My feelings about the attack at Burgas Airport in July 2012
My wife and I lived in Sofia for two years (2009–2010) when my job was relocated to Bulgaria. I had never previously visited Bulgaria and quite honestly, it was not on my bucket list of travel destinations. Alongside working full-time, we utilized our weekends to explore the country. We were fascinated by Bulgaria’s history and culture, and fell in love with its nature and picturesque villages.
The terrorist bombing at Burgas Airport in July 2012 took me by surprise because I never expected that such an attack could occur on Bulgarian soil.
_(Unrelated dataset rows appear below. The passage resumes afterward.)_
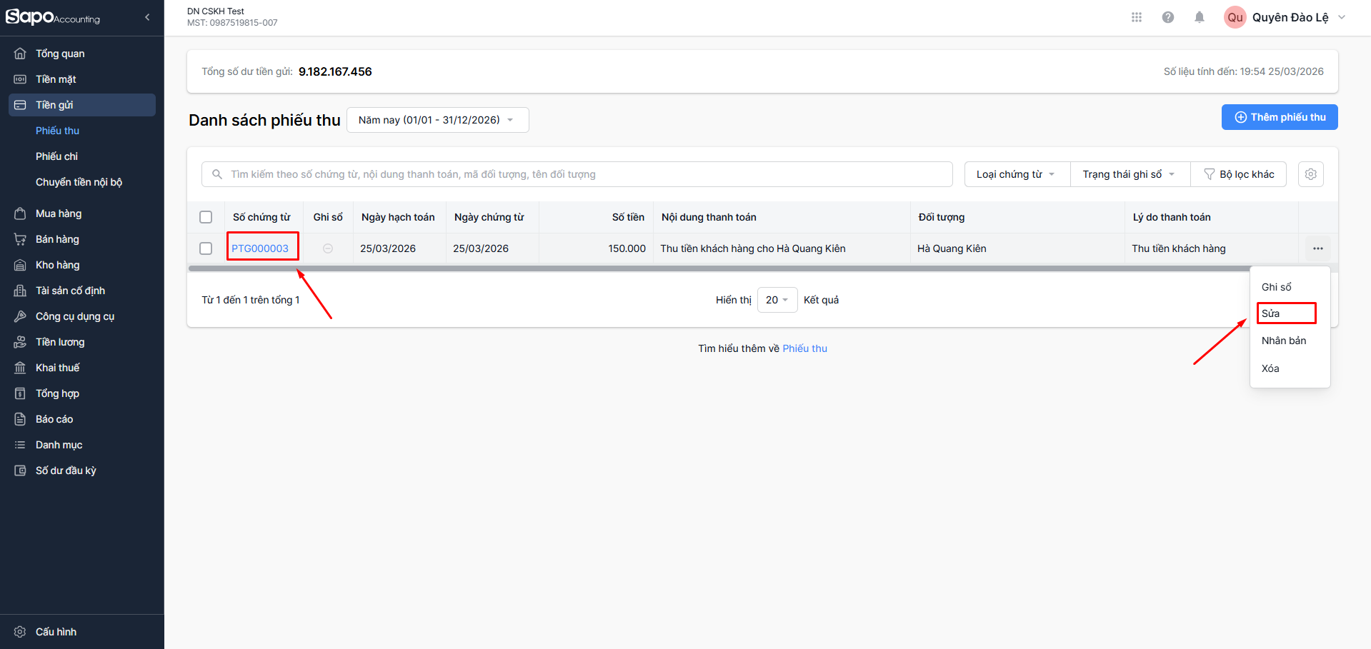 - Cách 2: Nhấp chọn Số chứng từ hoặc dòng chứa chứng từ cần sửa. Tại màn hình chi tiết phiếu thu, chọn nút Sửa (ở góc trên bên phải màn hình).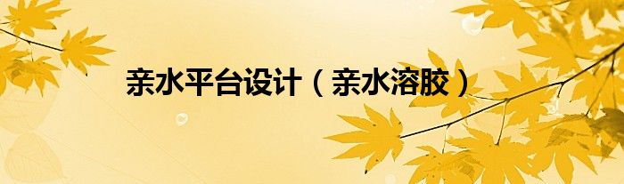 以上就是【亲水平台设计,亲水溶胶】相关内容。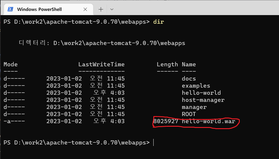 - 빌드 성공하면 hello-world.war파일이 톰켓 webapps폴더에 정상적으로 deploy되었음을 확인할 수 있다.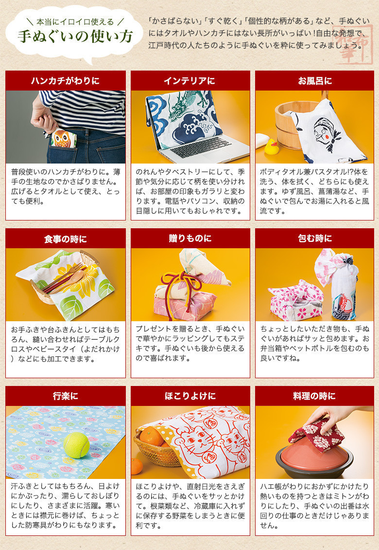 明治時代から伝わる”そそぎ染め”という手作業で一本一本丹念に染め上げられた手ぬぐいです。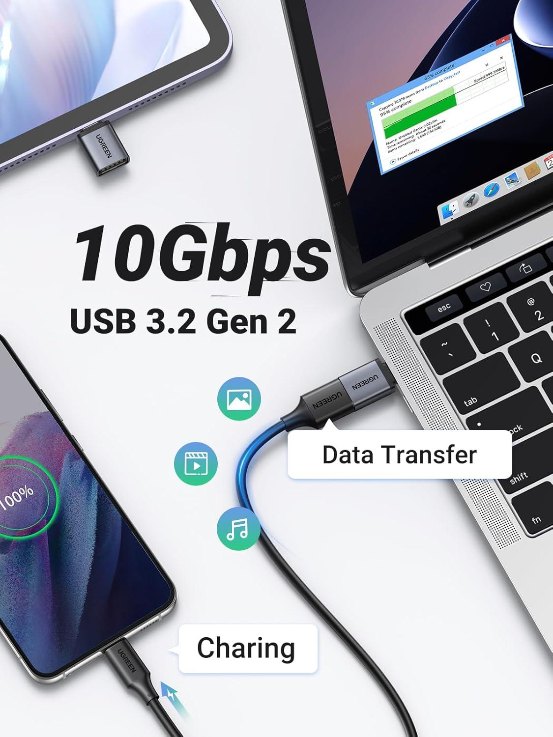 10Gbps Super Fast Data Transfer: The 10Gbps high-speed data transfer allows you to quickly transfer files via USB A Female to USB C Male Adapter in seconds. Note: To achieve 10Gbps speed, please make sure the connected devices support 10Gbps transmission speed, and the connected cable should be within 3.3FT

Having grown up in Israel, I was unfortunately quite familiar with the horror of suicide bombings and explosions on buses. Israelis are very security-conscious, but Bulgaria, I believed, was supposed to be safe territory. And also, I had been to Burgas Airport so I could clearly picture where the bombing took place.
I couldn’t stop thinking about the attack. The Bulgarian government issued contradictory announcements regarding Hezbollah’s involvement. Although the terrorists were later identified by name and nationality, no one was ever brought to justice. It was reported that the Hezbollah mastermind who orchestrated the bombing may have been killed in Lebanon.
The more the events raced through my head, the more my creative mind kept coming up with plot lines and characters, a process that led to my writing The Burgas Affair.
In the novel, many of the details of the bombing as well as the names of the suspects are based on information released to the media. However, the joint Bulgarian-Israeli investigation, the leads investigated, the suspected collaboration between Hezbollah and a Bulgarian crime organization, and the characters are all figments of my imagination.
The Burgas bombing was a very real, deadly terrorist attack. Six people were murdered—five Israelis and one Bulgarian—and many others were injured. I hope that my fictitious description of the victims is not considered disrespectful by their families. With that in mind, I dedicate The Burgas Affair to them.